The independent variable is changed by you, or the researcher. A solid research project or test only has one of these. For example, you might be investigating how changes in faucet size affect the amount of water flow. The faucet size is your independent variable; you have no control over the amount of water flowing. The amount of water flowing depends on the size of the faucet. Your job as a researcher or scientist is to see how changes in your independent affects the dependent.

### 2. Dependent.

A dependent variable is one that **depends on** the independent variable. You have no control on these; You only have control over the independent variable. When you run an experiment, you monitor changes in the dependent variable. In the water flow example, you would monitor the amount of water coming out of the faucet.

### 3a. Controlled.

Another name for the independent variable.

### 3b. Control.

A control variable is held constant so that you can assess the relationship between two other variables. For example, if you are switching water faucet sizes to find out how that changes how much water comes out, you must make sure the water pressure is the same throughout the experiment. The water pressure in that case would be the control.

### Categorical.

A categorical variable is a little different from other types of variables you may have come across in math. It fits into a category and does not have a numerical value associated with it. For example, if the category is college majors, some categoricals are: English, Math, Political Science and Art History. Also called a **qualitative variable**.

### Quantitative.

Quantitative variables are just another name for numeric variables. For example, the “x” in 5x – 2 would be quantitative. Peoples’ heights, weights and IQ scores are also examples of quantitative variables. If you can perform a mathematical function on it (like multiplication), it’s this type of variable. Also called a **numerical variable**.

### Discrete.

A discrete variable is also just another way of saying “variable.” They’re the variables you’re probably used to in algebra: variables like 1, 99 or 1,000. However, discrete variables must be in a finite set. You can think of a finite set as **something that can be counted** (and totaled), like money in your bank account or the number of household items you own. If you can make a list, it’s discrete. You have a set number of items (a finite number) in your house and you have a set amount of money in your bank account. You can list them both, so they are discrete. Note: You might *hope* that there’s an infinite amount of money in your bank account but in real life, that isn’t a possibility!

### Continuous.

Continuous variables are the opposite of discrete ones. They are infinite. While you can count money in your bank account in a finite amount of time, you can’t count things like time or weight. Why not? Because there’s an infinite amount of possibilities. Think about it: if you *tried* to count time, you might start at 1s, 2s, 3s…but where would you stop? A million seconds? A billion? Thirty nine trillion? You could go on and on and on…so that’s continuous.

### Random.

A random variable is used is modeling probabilities. For example, an insurance company might use these for driving habits, to predict what their risk is of insuring you. Random variables can be discrete, or they can be continuous. While lowercase letters like x or y are used for regular variables, capital letters like X are used to denote random ones. A binomial random variable is a type used in binomial probability distributions. These types of variables have two outcomes — true, or false.

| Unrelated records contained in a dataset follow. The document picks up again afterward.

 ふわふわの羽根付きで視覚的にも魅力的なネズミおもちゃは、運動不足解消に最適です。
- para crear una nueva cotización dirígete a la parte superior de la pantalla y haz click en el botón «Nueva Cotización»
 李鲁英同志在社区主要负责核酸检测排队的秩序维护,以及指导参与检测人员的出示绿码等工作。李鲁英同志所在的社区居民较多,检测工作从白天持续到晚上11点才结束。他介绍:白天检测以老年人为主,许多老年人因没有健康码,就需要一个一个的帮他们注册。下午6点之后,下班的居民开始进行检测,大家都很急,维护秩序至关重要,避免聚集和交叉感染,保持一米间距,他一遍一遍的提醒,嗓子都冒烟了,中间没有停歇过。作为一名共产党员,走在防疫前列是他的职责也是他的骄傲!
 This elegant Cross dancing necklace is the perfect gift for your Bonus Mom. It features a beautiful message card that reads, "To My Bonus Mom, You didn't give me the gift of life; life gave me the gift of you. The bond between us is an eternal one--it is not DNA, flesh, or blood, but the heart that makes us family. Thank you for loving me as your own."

## What is a Variable…Really?

A variable is something that’s unknown.

**Why not just call it an unknown?** Well, mathematicians don’t like to make things easy. A variable in algebra is *not* the same thing as a variable in statistics, and a variable in statistics could have one of many meanings.

In algebra, a variable is just a letter representing a number. In statistics, it means…well, it’s meaning depends upon what type of variable you have (see the above list).

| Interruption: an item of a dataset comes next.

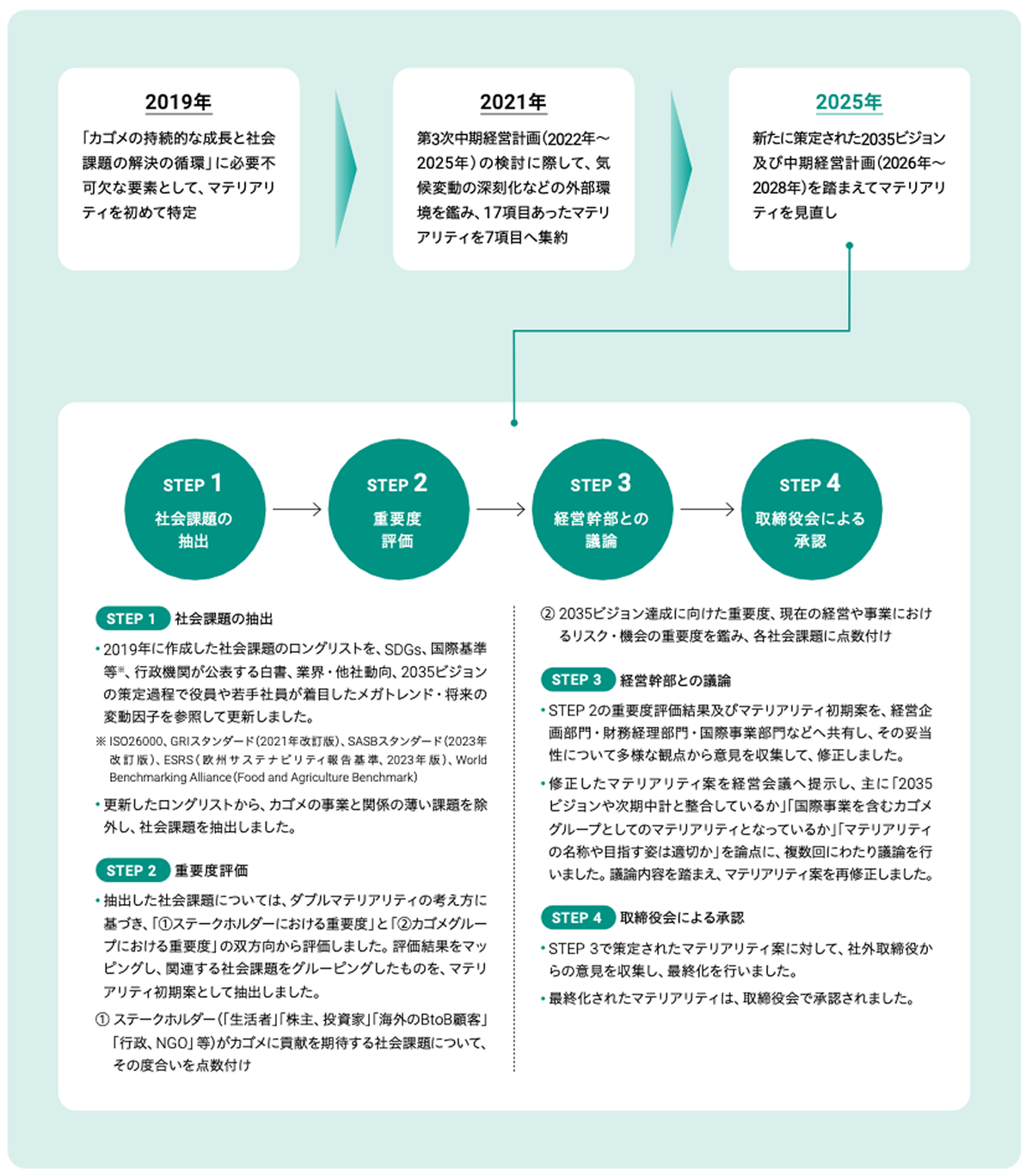 カゴメグループでは、マテリアリティを「カゴメグループの持続的な成長」及び「健やかで持続可能な地球環境と社会」を実現するための重要な経営課題と位置づけています。マテリアリティは2035ビジョン実現に向けた取り組みや持続的な経営・事業を支える基盤の取り組みを包括し、長い時間軸で取り組んでいく課題です。

According to this website,

the term…was introduced by Gottfried Wilhelm Leibniz (1646-1716) (Kline, page 340). [It] is found in English as an adjective in 1710 in Lexicon Technicum by J. Harris: “Variable Quantities, in Fluxions, are such as are supposed to be continually increasing or decreasing; and so do by the motion of their said Increase or Decrease Generate Lines, Areas or Solidities” (OED2). [It] is found in English as a noun in 1816 in a translation of Lacroix’s Differential and Integral Calculus: “The limit of the ratio..will be obtained by dividing the differential of the function by that of the variable” (OED2).

In other words, the word was already taking on more than one meaning a couple of hundred years ago. Back in those days, there wasn’t the internet or collaborative learning. In fact, many mathematicians didn’t even **talk** to each other (hey, we’re known for being an antisocial bunch). Take the case of Liebnitz and Newton’s calculus controversy. An entire subset of math was invented by two men and the same time in different countries without either one talking to each other. So we shouldn’t be surprised that one word has taken on so many different meanings.

## What is a Variable….Really?

I struggled with math for years (if you’re interested why, you can read my article on dyscalculia). If it isn’t bad enough that math involves arithmetic (which I’m very poor at but I appreciate the advent of the graphing calculator!), mathematicians have also taken it upon themselves to give us a word like “variable” that is hard to define and means something different according to what branch of math you are dealing with and what situation you’re using the word in. To put it another way, a variable means nothing unless you have a context for it.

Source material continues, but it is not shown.